The commercial drone industry and government organisations see BVLoS (Beyond Visual Line of Sight) as the greatest barrier to commercial drones reaching their true potential. The challenges of BVLoS are numerous and whilst technology has advanced quickly, legislation has naturally struggled to keep up. The latest CAA exemptions offered to the emergency services in the UK, coupled with pioneering work of some leading manufacturers/service providers have paved the way for the future use of BVLoS operations.
Updated 22nd September 2017: BVLOS exemption for UK emergency services.
The rules right now
The current rules in the UK state that drone operations must be carried out within normal visual line of site – up to 400ft (122m) high and 500m in every direction. Of course, there are very good safety reasons for these restrictions. A drone is a lethal weapon in the wrong hands, even when line of sight rules are being adhered to. Imagine how much more dangerous a drone flying out of sight would be. That’s why it’s very hard to get permission for a BVLOS operation.
But compare that line of sight distance to what a helicopter can do or a plane. It’s a pretty limited area and it means that drone operations are automatically restricted. The potential for BVLOS operations is huge, across a multitude of sectors. Imagine a drone that could fly over massive fields hundreds of miles square, for example or one which could search for survivors or pinpoint collapsed buildings and roads across thousands of miles of inhospitable, highly challenging territory. But it will take time, experience and serious investment in the right technology to make these operations commonplace.
At the moment, authorised BVLOS operations are few and far between in a civilian context – they do take place regularly in the military. That said, they’re slowly starting to happen.
Drone company senseFly has just gained the first ‘anytime’ BVLOS licence in Switzerland, allowing it to carry out BVLOS operations anytime, anywhere in the country using its eBee drones. However, that doesn’t mean a free-for-all – the drones will still be subject to restrictions. They can only fly at a maximum height of 500ft, which increases to 1,000ft above urban areas – and observers must monitor a 2km radium of airspace to check for other aircraft. These observers must have instant communication with the drone operator in case of an emergency.
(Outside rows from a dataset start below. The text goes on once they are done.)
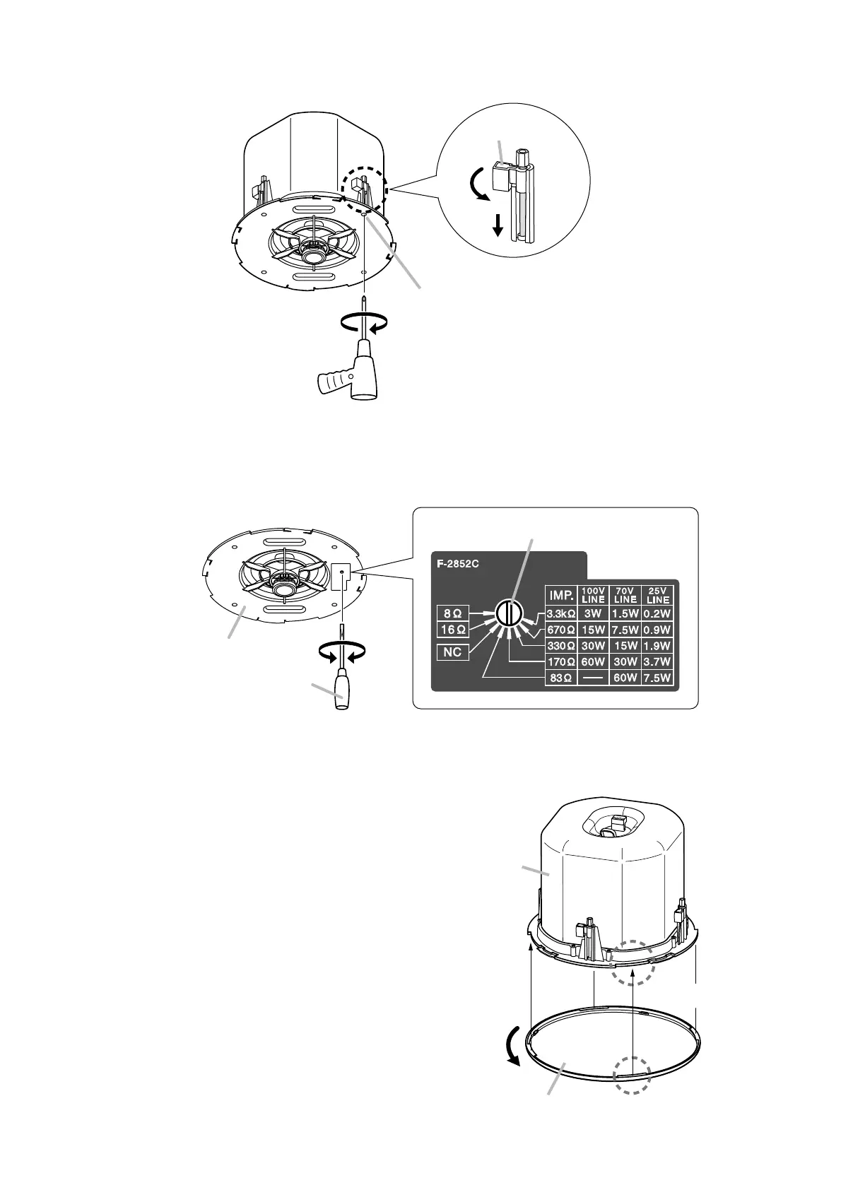 Never set this switch to low impedance (8 Ω or 16 Ω) when using a high impedance 25, 70, or 100 V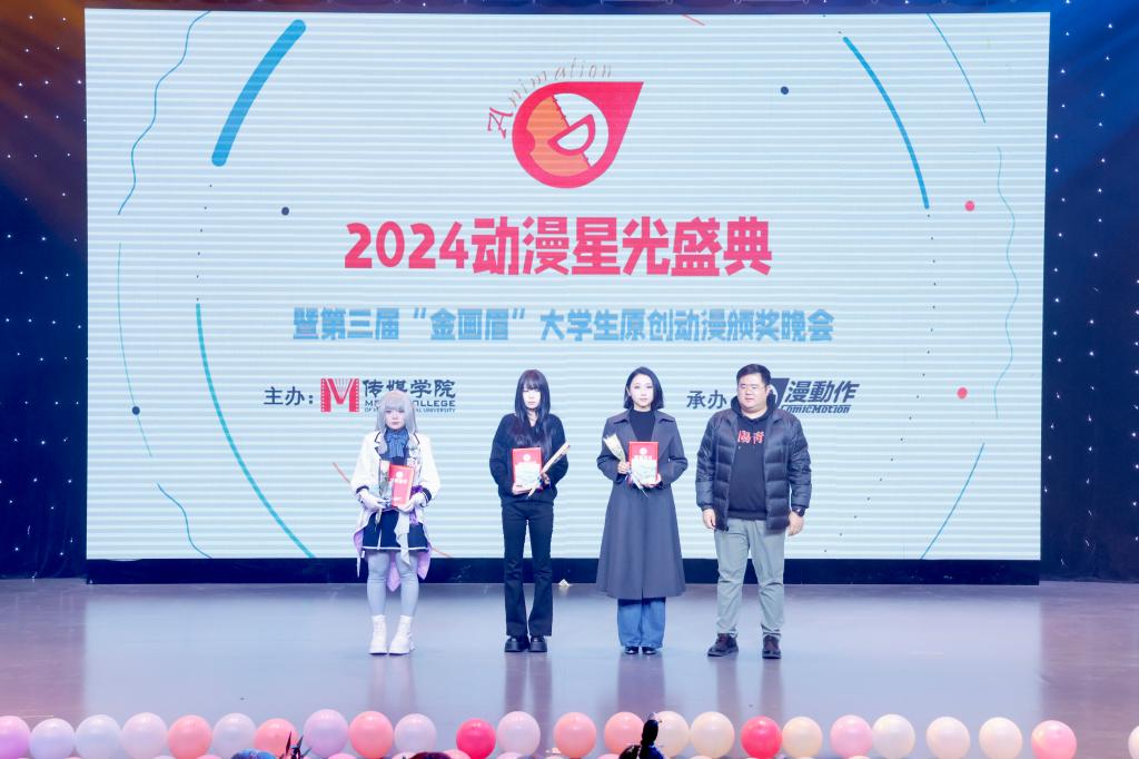 本次比赛分为5个赛道,《向日葵》《随心而行,拥抱未来》等十项作品荣获最具人气插画作品奖,《薄荷·橘黄》《太好了,是彭寒露》等十项作品荣获最佳插画作品奖,《选择》《朋友小红》《汤咚四级记》三项作品荣获最佳漫画绘本奖,437bwin必赢国际官网余如意、国际教育学院董美含、计算机与信息技术学院姚瑶荣获最佳Cosplay同人奖,《社火》《早八》两部作品荣获最佳动画短片奖。颁奖典礼现场展示了入选教育部思想政治工作司第九届高校廉洁教育系列活动“视廉清心”作品《小气鬼爷爷》和河南省第二届小蝌蚪动漫大赛Cosplay单元省级二等奖国风舞台剧《狐妖小红娘月红篇》。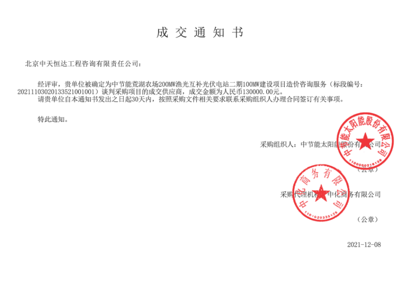 近日,由中化商務有限公司組織的“中節(jié)能蕪湖農(nóng)場200MW漁光互補光伏電站二期100MW建設項目造價咨詢服務”中有關造價咨詢服務采購項目,我們一舉中標!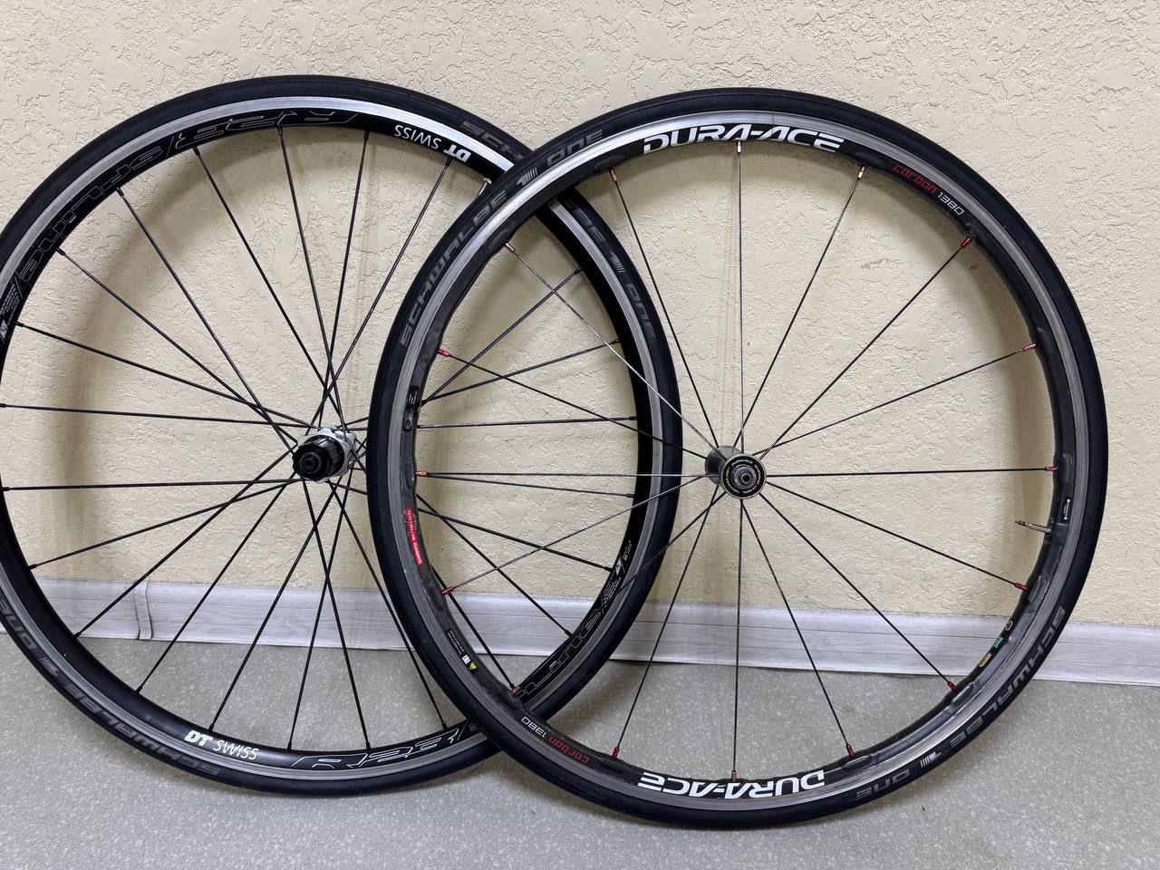Заднее колесе считайте новое пробег 1200-1500км переднее повидало видов. Вес Зад 1,231 перед 0,890 с резиной Установлены покрышки SCHWALBE ONE 700X23C ADDIX FOLD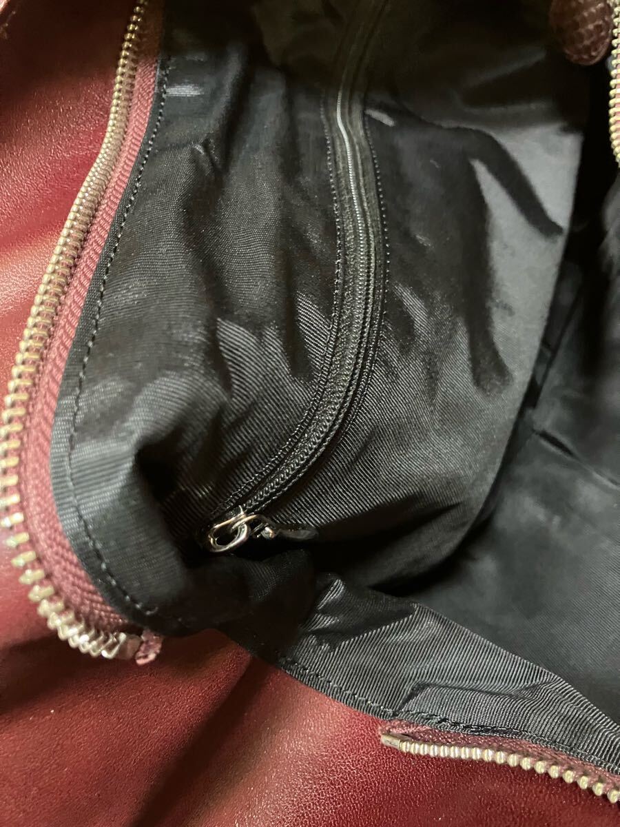 入口ファスナー周りの赤い革部分も、全て新しい革に貼り替えています。

The same drone is also being used in the UK for ELOS (Extended Line of Sight) operations – operators ATEC-3D used an eBee to survey Littlestone beach in Kent for the UK Environment Agency. The company had to apply for CAA (Civil Aviation Authority) permission for the operation. It used two ground observers 500m apart, and the eBee was allowed to fly up to 1,500m from its operator. The company also notified the local air traffic control room of the operation to create a NOTAM (Notice to Airmen) – a notification of the operation to other airspace users.
BVLOS in action
And there are clearly plenty of opportunities out there, as long as a company is prepared to put in some serious work proving its health and safety and risk assessment models are sound.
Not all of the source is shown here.